Palabras clave: relation extraction; modelo de lenguaje; prompt information; feature reuse; loss function
1. Introducción
Relation extraction, as a basic information extraction task, aims to identify the relationship between
pairs of nominals in a given sentence from a set of predefined relationships of interest. The work
process can be briefly summarized as follows: the triple r(e1, e2) is extracted from the unstructured text.
Where e1 and e2 are entities in the utterance, generally nouns or phrases formed by nouns, and r
denotes the relationship between entities e1 and e2.
Relation extraction plays a crucial role in natural language processing applications that require a
relational understanding of the unstructured text, such as question answering the application,
recommendation algorithm, semantic search, knowledge base filling, and knowledge graph construction.
Many tasks of natural language processing can benefit from accurate relation classification. Por lo tanto,
relation extraction has attracted a lot of attention. The common approach nowadays is to fine-tune pre-
trained language models such as BERT [1], ROBERTA [2], and GPT [3], etc.. to achieve relation
clasificación. The existing sentence-level relation extraction is also mainly based on the language model
with various innovations. Sin embargo, in the process of fine-tuning the language model to the relation
extraction task, the insufficient feature selection makes the language model too fine-tuned to the
downstream task, thus not giving full play to the performance of the language model; at the same time,
the model does not make sufficient use of the feature vector.
∗ Corresponding author: Ping Feng (Correo electrónico: fengping@ccu.edu.cn; ORCID: 0000-0003-4865-1454)
© 2023 Academia China de Ciencias. Publicado bajo una atribución Creative Commons 4.0 Internacional
(CC POR 4.0) licencia.
yo
D
oh
w
norte
oh
a
d
mi
d
F
r
oh
metro
h
t
t
pag
:
/
/
d
i
r
mi
C
t
.
metro
i
t
.
mi
d
tu
d
norte
/
i
t
/
yo
a
r
t
i
C
mi
–
pag
d
F
/
d
oh
i
/
i
/
/
.
t
1
0
1
1
6
2
d
norte
_
a
_
0
0
1
9
2
2
0
7
2
3
8
3
d
norte
_
a
_
0
0
1
9
2
pag
d
t
/
.
i
F
b
y
gramo
tu
mi
s
t
t
oh
norte
0
7
S
mi
pag
mi
metro
b
mi
r
2
0
2
3
Inteligencia de datos recién aceptada MS.
https://doi.org/10.1162/dint_a_00192
Mesa 1: Processing of statements in a dataset
Oración (1)
El
publicación .
Relationship
Entity-Origin (e1, e2)
Modification The $ legend $ was derived from a much older # publicación #. @
what is the relationship between legend and publication in the above
oración? @
Oración (2) Mayoría
Relationship Cause-Effect (e2, e1)
Modification Most $ deaths $ from the accident were caused by radiation #
poisoning #. @ what is the relationship between deaths and
poisoning in the abovesentence? @
Oración (3)
El
Relationship
Entity-Destination (e1, e2)
Modification The $ leftovers $ are pushed into the # colon #. @ what is the
relation-ship between leftovers and colon in the above sentence? @
Para tal fin, this paper proposes a sentence-level relation extraction method based on adding prompt
information and feature reuse.

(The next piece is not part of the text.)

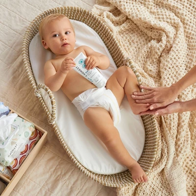Apply my vegan formula as needed to chafed, chapped, or diaper rash-prone skin for therapeutic relief. I’m made with allantoin for multi-purpose healing of dry, cracked skin and sunflower seed oil to help support a healthy skin barrier. Store at room temperature.

The modification of the sentence is shown in Table 1. This method first
adds a prompt message in addition to the original sentence-level features and entity-pair features: » Qué
is the relationship between entity one (e1) and entity two (e2) in the above sentence? «. Then the
sentence features, entity pair features, and prompt features are all encoded by ROBERTA [2]. El
encoded data is then fed into the model, and in the model composition this paper chooses the ROBERTA
[2] language model as a basis for the overall model, and BIGRU is introduced in the process of model
fine-tuning, from which another feature is constructed. In the hidden layer of the model, five features are
proposed in this paper noted as Featurecls, Featurebigru, Featureentity1 , Featureentity2 , Featureprompt.

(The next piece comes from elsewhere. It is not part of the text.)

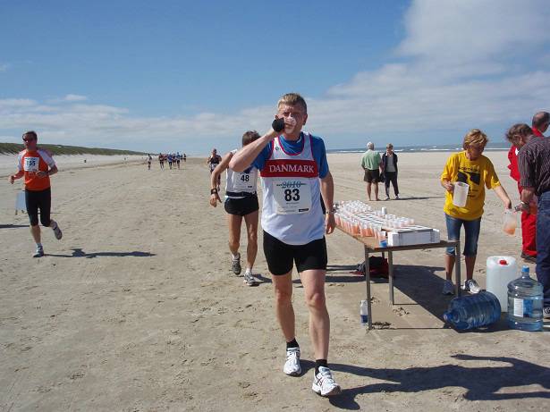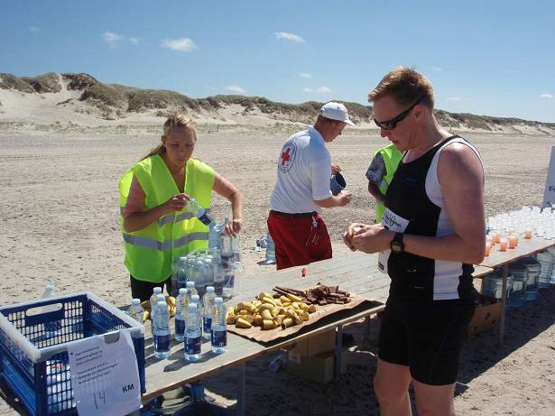 Årgab Strand Kilometer 40,2 / 14.07 Uhr Ein allerletzter Verpflegungs-stand kurz vor dem Ziel. Netterweise brachte man uns hier das Wasser runter an die besser zu laufende Stelle. |

Finalmente, feature reuse is performed to form four different outputs, and ensemble-learning soft voting is
used for the output Voting is performed and the voted results are used for predictive relation
clasificación. The main contribution of this method is to add prompt information to the relation
extraction task, which not only solves the problem of insufficient feature information but also allows the
model to give full play to its performance; secondly, feature reuse and ensemble-learning are used to
solve the problem of insufficient utilization of feature vectors and further improve the robustness of
sentence-level relation extraction results; finalmente, in this paper, the same batch of data is fed into the
model twice before and after finally, the same batch of data is fed into the model twice to obtain two
different distributions, and a new loss function consisting of the cross-entropy, KL divergence, y
negative log-likelihood loss of these two distributions is used to optimize the model.
2. Trabajo relacionado
The task of relation classification is a very important part of the knowledge graph construction process.

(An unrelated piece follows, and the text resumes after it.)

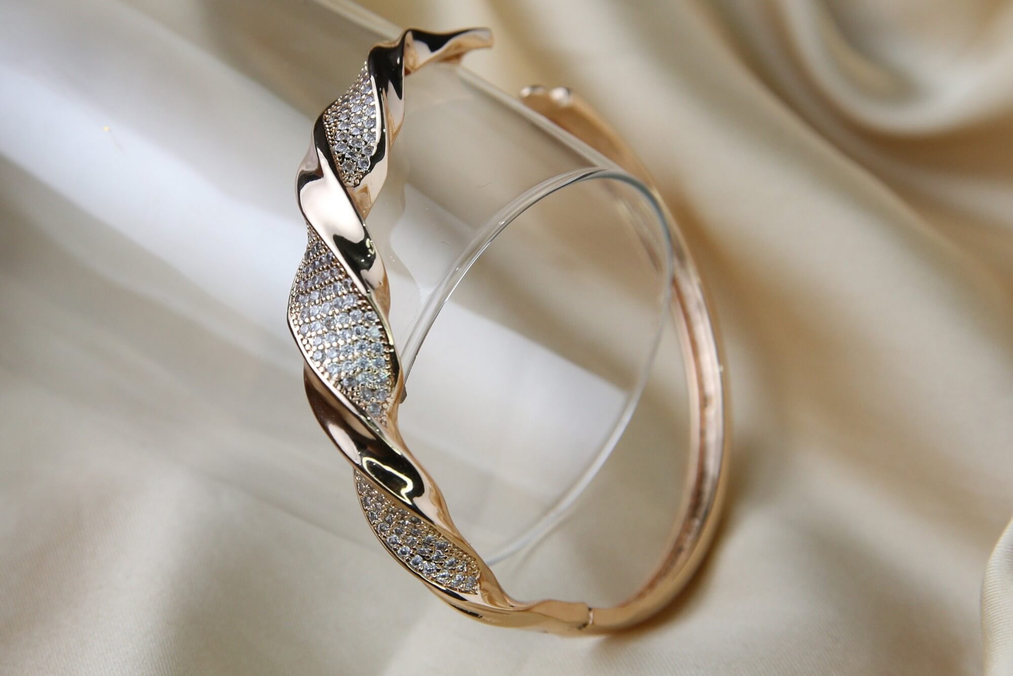 Rose Gold Bangle with Diamond Pave

The methods of relation extraction, in general, include unsupervised relation classification and supervised
relation classification, with supervised relation classification, which is usually considered a multiclassification
problema. The performance of traditional relation classification depends mainly on the quality of features, pero
errors often occur during feature extraction with NLP tools, reducing the overall performance of the model. A
solve this problem of feature extraction errors, Zeng et al. [4], Zheng et al. [5], Zheng et al. [6] successively
proposed the use of convolutional neural networks, recurrent neural networks, and graph neural networks for
relationship extraction. Although these neural networks can encode and convert entity pairs and sentence
information into feature vectors, which provides some improvement in model performance, these approaches
3
yo
D
oh
w
norte
oh
a
d
mi
d
F
r
oh
metro
h
t
t
pag
:
/
/
d
i
r
mi
C
t
.
metro
i
t
.
mi
d
tu
d
norte
/
i
t
/
yo
a
r
t
i
C
mi
–
pag
d
F
/
d
oh
i
/
i
/
t
.
/
1
0
1
1
6
2
d
norte
_
a
_
0
0
1
9
2
2
0
7
2
3
8
3
d
norte
_
a
_
0
0
1
9
2
pag
d
.
/
t
i
F
b
y
gramo
tu
mi
s
t
t
oh
norte
0
7
S
mi
pag
mi
metro
b
mi
r
2
0
2
3
Inteligencia de datos recién aceptada MS.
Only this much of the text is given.